3. Tables aren't any less difficult to understand then the puzzling mixture of dashes, asterisks, and brackets that wikis employ
4. No - they don't need it, and you don't have to give it to them.
5. Only if you leave yourself open to it... "we're too lazy/busy to address security concerns" is not a good reason.
6. What makes Wiki markup easier to learn then HTML? Why would you learn a new markup language, which will just get converted back to HTML again? Isn't that a little redundant? If people need to learn a markup language, why not learn the one that is universally used in every page on the web?
... I'm not a big fan of wiki markup either - bbs tags are only marginally better.
matt on May 14, 2008 6:36 AMJust a thing: a way to get code coloration is, I think, necessary. Seriously.
Also, bbcode blows (and 9 out of 10 bbcode parsers are purely regex-based translators, thus break down real fast), thanks for not using it.
Masklinn on May 14, 2008 6:36 AMI generally agree that a subset of HTML is fine for formatting. If all you want to do is have lists and paragraphs and bold and italics, it's exactly as clear as almost any other markup language. If you're willing to automatically add p tags on double newlines, most people can muddle through without touching it at all.
However, Mediawiki is a special case, in that the html tags don't actually fully represent what most of the corresponding markup means. As you say, it represents the structure of the data, and the structure you give the data using wiki markup has side effects beyond the formatting you'd get from basic html.
For example, take the 'triple equal sign' - on first glance, it's just an h3. That doesn't tell the whole story, though - there's some deeper meaning to that tag. Not only does it do your h3 formatting, but it also generates a named anchor, and it automatically appends a link to it in the table of contents. It does have the same logical meaning as h3, but it does more - h3 is a subset of triple equal. You could of course impart that power upon h3, but I'd argue that's even more confusing than having a separate syntax.
This doesn't even touch on the templating language or the category system, both of which have no equivalent in html. So with mediawiki, you *know* html won't meet all of your needs - so coming up with a language that does allow for everything only makes sense.
Jeremy T on May 14, 2008 6:39 AMI usually love your posts... but this is exactly the kind of attitude which stops developers from making good UI imo. You've obviously thought about this a lot, but you immediately ruled out all of the best approaches by making a big assumption about your target audience.
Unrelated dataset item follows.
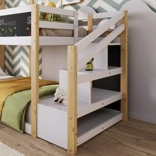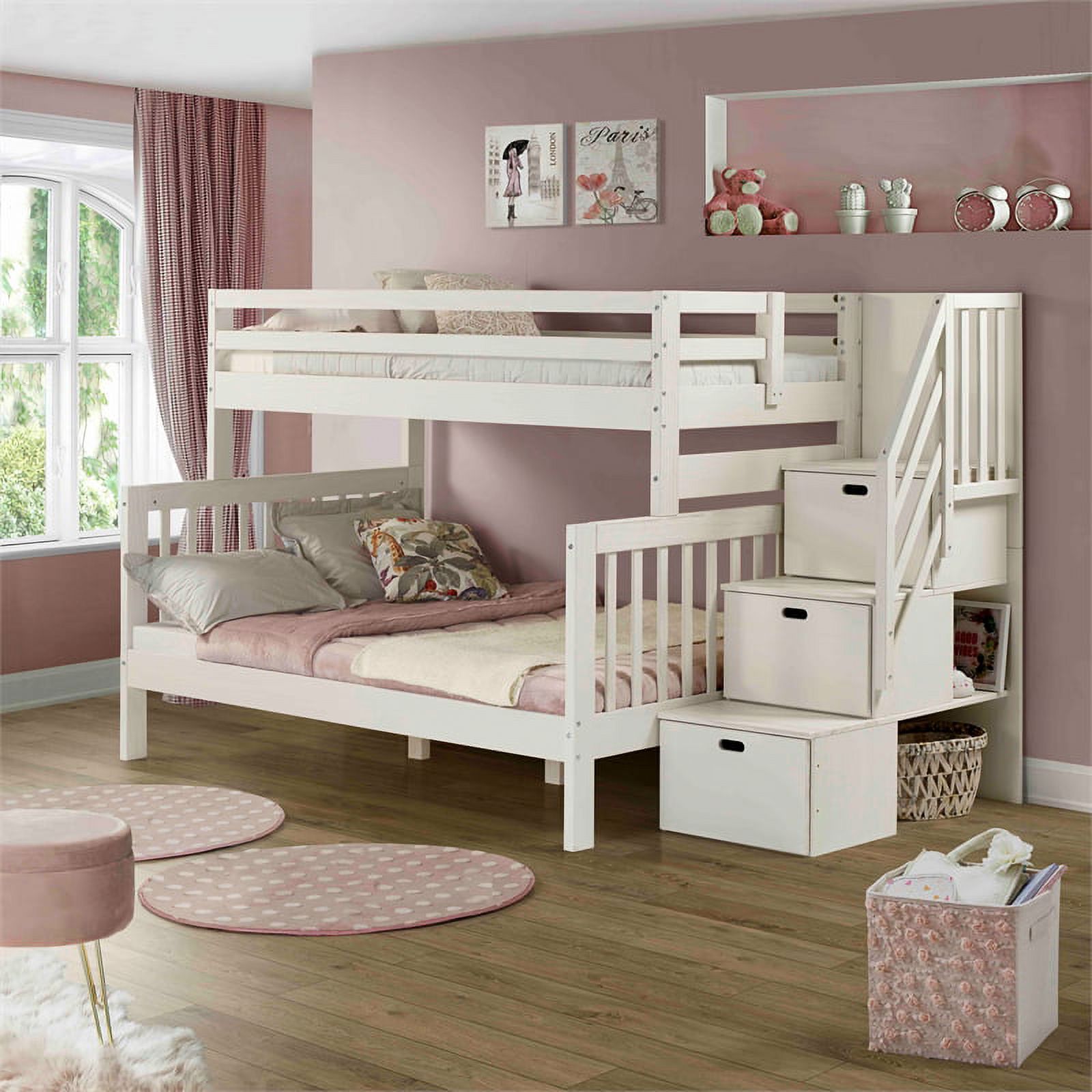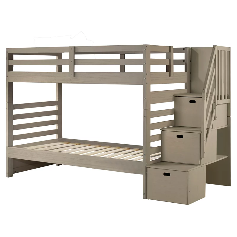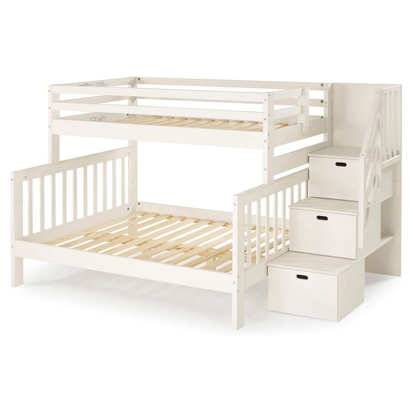 My Bed Now Acadia Twin-over-Full Wood Bunk Bed with Staircase in Mist Cream

Just because you expect every good programmer to be comfortable with markup doesn't make it so... and as you often remind us, there are plenty of bad programmers out there.
Maybe I got it a bit wrong... but I don't think you should expect your users to understand your markup, or even HTML. Showing the markup and allowing the user to edit it is fine, (ala wiki) but not implementing nice buttons and an interface... you shouldn't demand anything of users that isn't necessary imo.
I'll take it all back if you plan on having the buttons as well... but thats not how the post came across. :)
Jheriko on May 14, 2008 6:39 AMAs much as the bugs in Blogger annoy me, the one thing they do right is to allow the user to go to source and edit the HTML. For the users that don’t understand markup, they have a WYSIWYG editor.
Reinventing a markup language is the wrong approach. I've been creating HTLM pages since 1994, and every time I edit a Wikipedia page I roll my eyes because I still have to look-up that URL syntax. I agree with Calvin, use REST if you want to implement "automatic cross referencing functionality" but remember, that is a server-side function, not a mark-up issue.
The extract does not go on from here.